* Work to complete *
Copy nothing but the lines from the line with "Палочки для еды" to the end of the records, retyped exactly. Pictures stay out.

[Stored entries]
▼
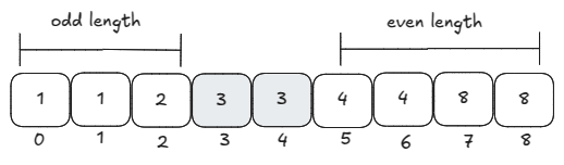 right = mid+2 if mid+1 < n and nums[mid] == nums[mid+1] else mid+1
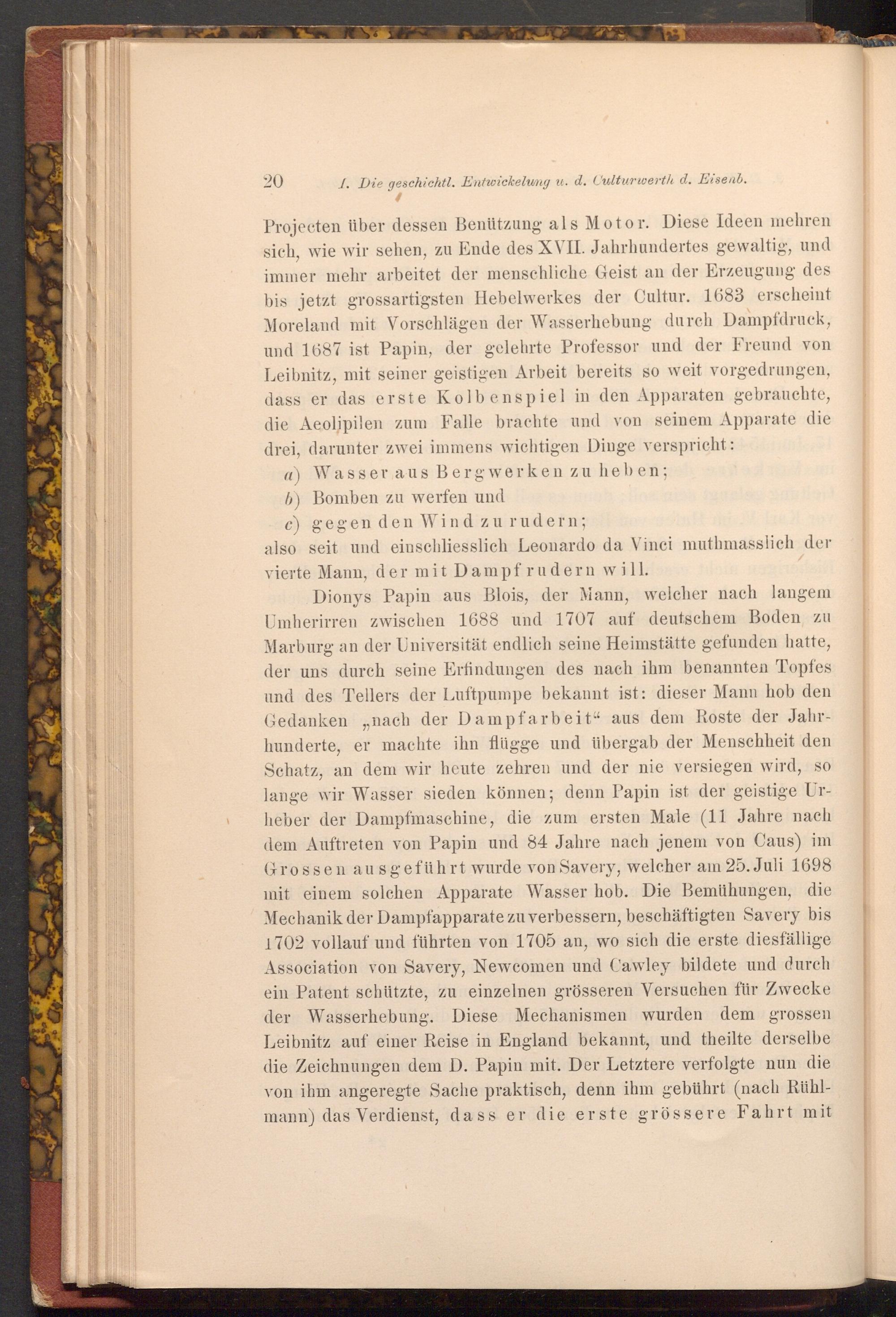 1. Die geschichtl. Entwickelung u. d. Culturwerth d. Eisenb. Projecten über dessen Benützung als Motor. Diese Ideen mehren sich, wie wir sehen, zu Ende des XVII. Jahrhundertes gewaltig, und immer mehr arbeitet der menschliche Geist an der Erzeugung des bis jetzt grossartigsten Hebelwerkes der Cultur. 1683 erscheint Moreland mit Vorschlägen der Wasserhebung durch Dampfdruck, und 1687 ist Papin, der gelehrte Professor und der Freund von Leibnitz, mit seiner geistigen Arbeit bereits so weit vorgedrungen, dass er das erste Kolbenspiel in den Apparaten gebrauchte, die Aeolipilen zum Falle brachte und von seinem Apparate die drei, darunter zwei immens wichtigen Dinge verspricht:
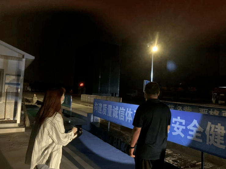 6月1日晚,市能源局四级调研员赵月建带队对鲁西煤矿扬尘管控工作进行夜查。
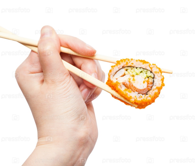 Палочки для еды держат калифорнию эби ролл изолированы
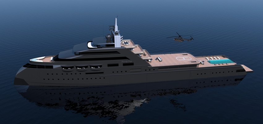 Icon 110m luxury explorer yacht FAMILY DAY designed by Joachim Kinder represents unique styling as well as design elements, featuring the ultra-modern well-proven axe-bow, mixed up with the stainless-steel shield. ... read full story
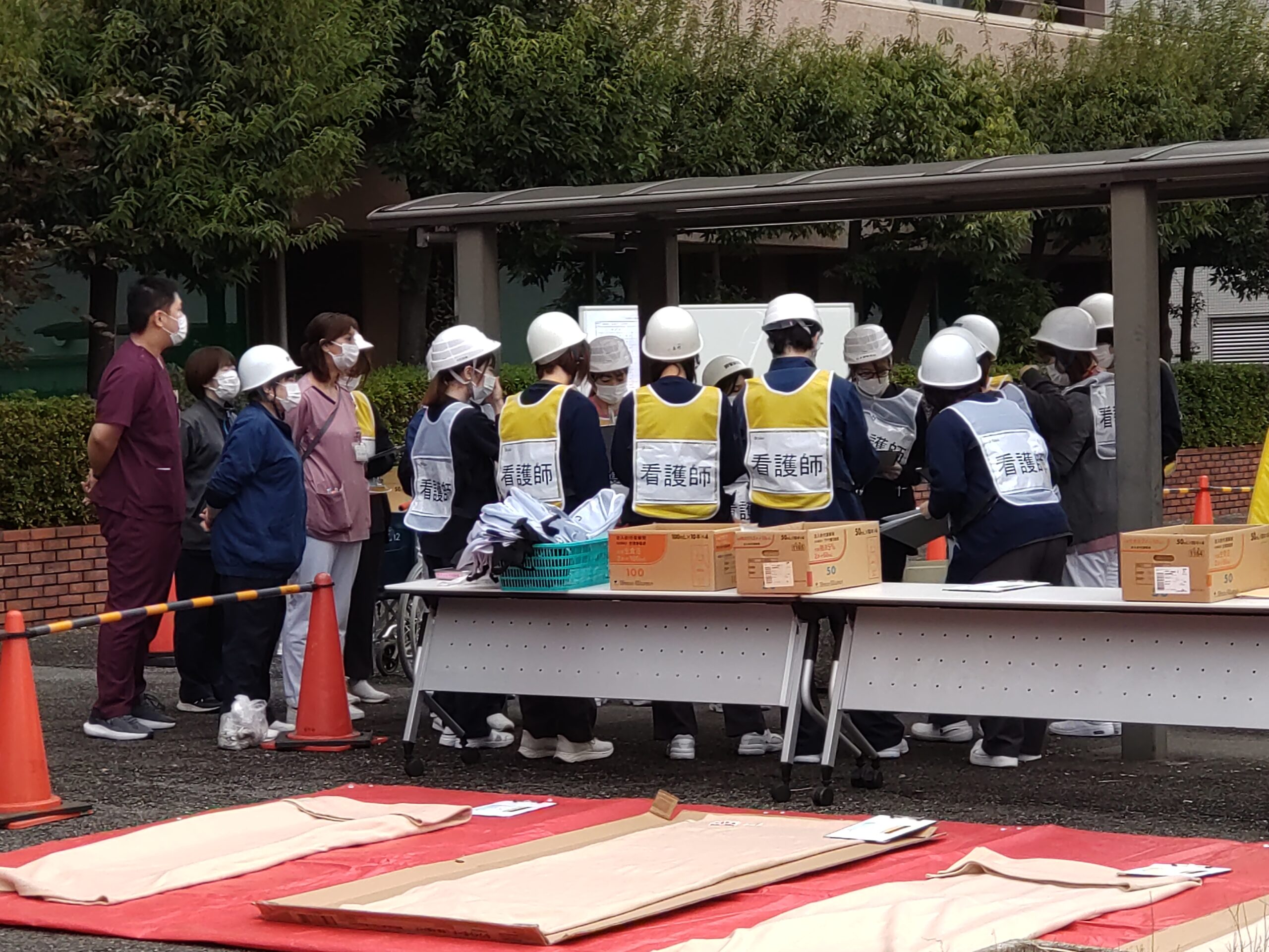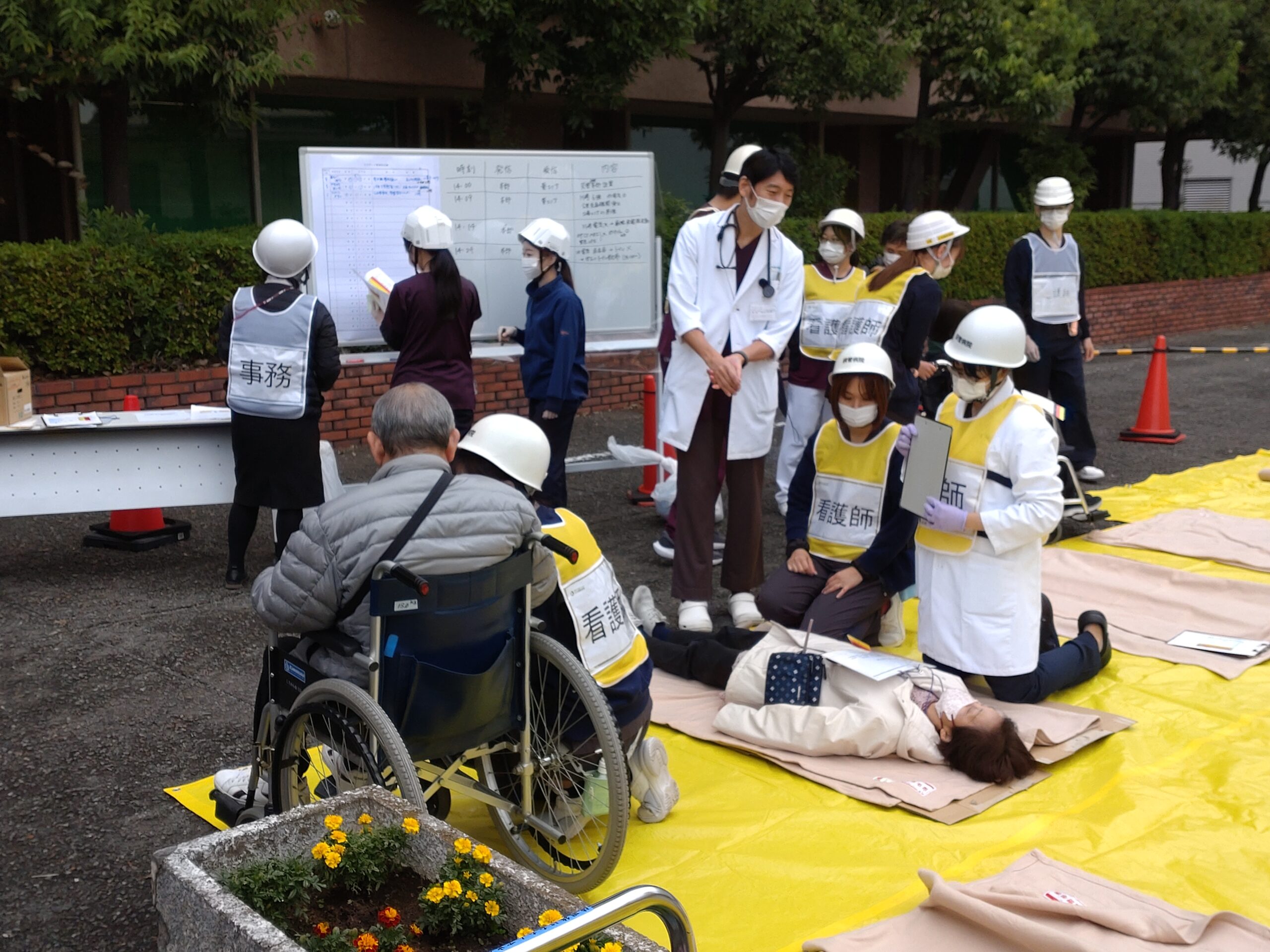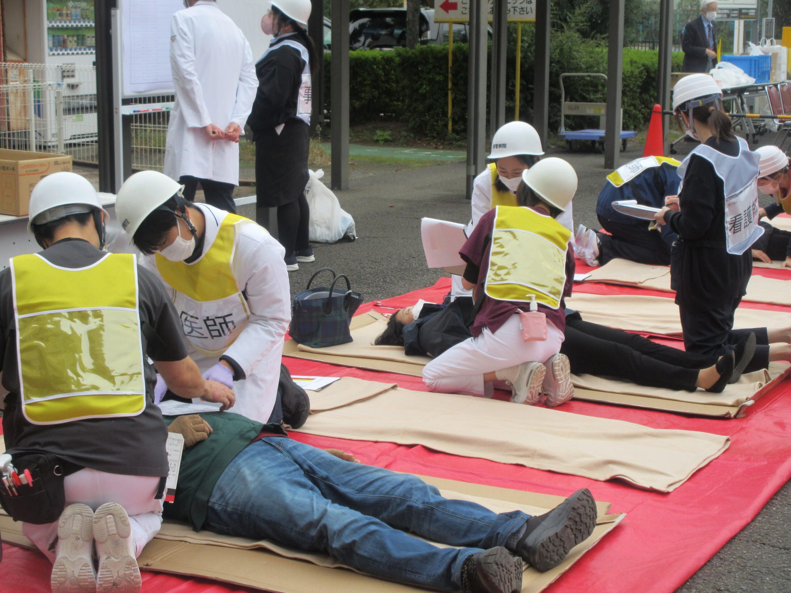症例を元にトリアージから診断→入院・転院搬送判断までを実践訓練し、医師・看護師・コメディカル・事務など様々な職種が参加し、災害時を想定して協力体制をとって行っております。
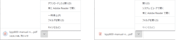 PDFをダウンロード確認するダイアログはブラウザによって異なっています。Google Chromeでは、左下にダウンロード中は進行中の表示(次図左)、ダウンロード完了するとクリック待ち(次図右)の状態となります。クリックすると、既定値ではChrome 内蔵のPDFリーダーで表示します。他のリーダーを選択することもできます。
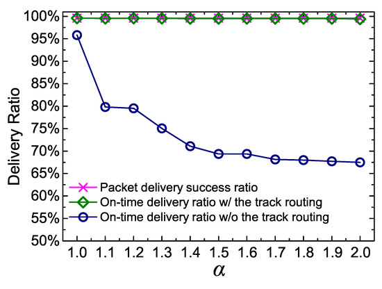 Delivery ratio of DERM with and without the track routing ( = 2 m/s, = 120 s, and the pause time is 30 s).
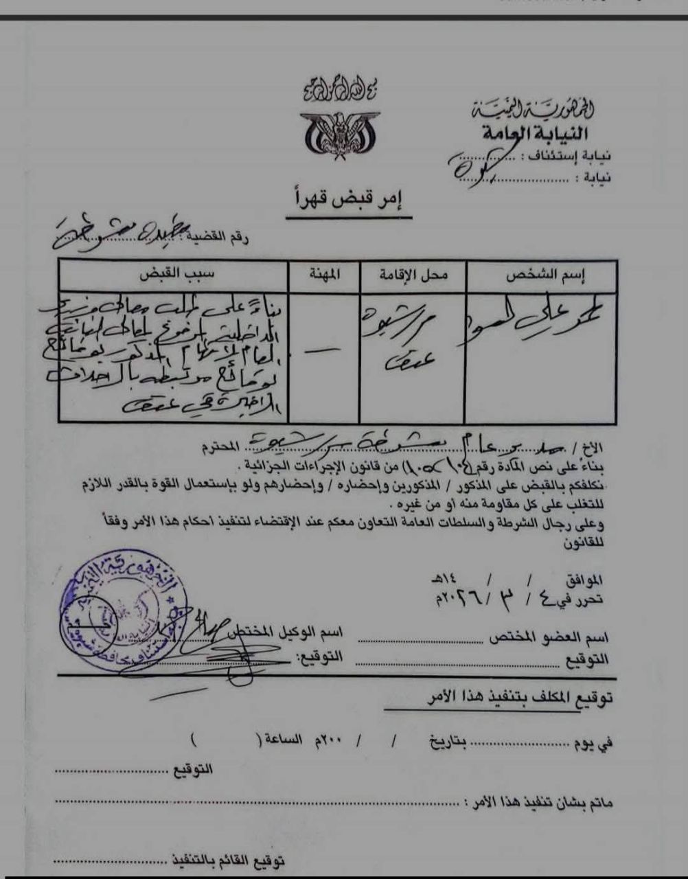 أصدرت النيابة العامة في محافظة شبوة أمرًا بالقبض القهري بحق لحمر علي لسود، رئيس فرع المجلس الانتقالي
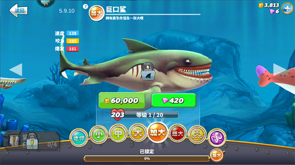 5、加大级鲨鱼:可以吃蓝水母,破坏绿柱子。有巨口鲨,虎鲨等。
▲
* Finished task *
 Палочки для еды держат калифорнию эби ролл изолированы
 Icon 110m luxury explorer yacht FAMILY DAY designed by Joachim Kinder represents unique styling as well as design elements, featuring the ultra-modern well-proven axe-bow, mixed up with the stainless-steel shield. ... read full story
症例を元にトリアージから診断→入院・転院搬送判断までを実践訓練し、医師・看護師・コメディカル・事務など様々な職種が参加し、災害時を想定して協力体制をとって行っております。
 PDFをダウンロード確認するダイアログはブラウザによって異なっています。Google Chromeでは、左下にダウンロード中は進行中の表示(次図左)、ダウンロード完了するとクリック待ち(次図右)の状態となります。クリックすると、既定値ではChrome 内蔵のPDFリーダーで表示します。他のリーダーを選択することもできます。
 Delivery ratio of DERM with and without the track routing ( = 2 m/s, = 120 s, and the pause time is 30 s).
 أصدرت النيابة العامة في محافظة شبوة أمرًا بالقبض القهري بحق لحمر علي لسود، رئيس فرع المجلس الانتقالي
 5、加大级鲨鱼:可以吃蓝水母,破坏绿柱子。有巨口鲨,虎鲨等。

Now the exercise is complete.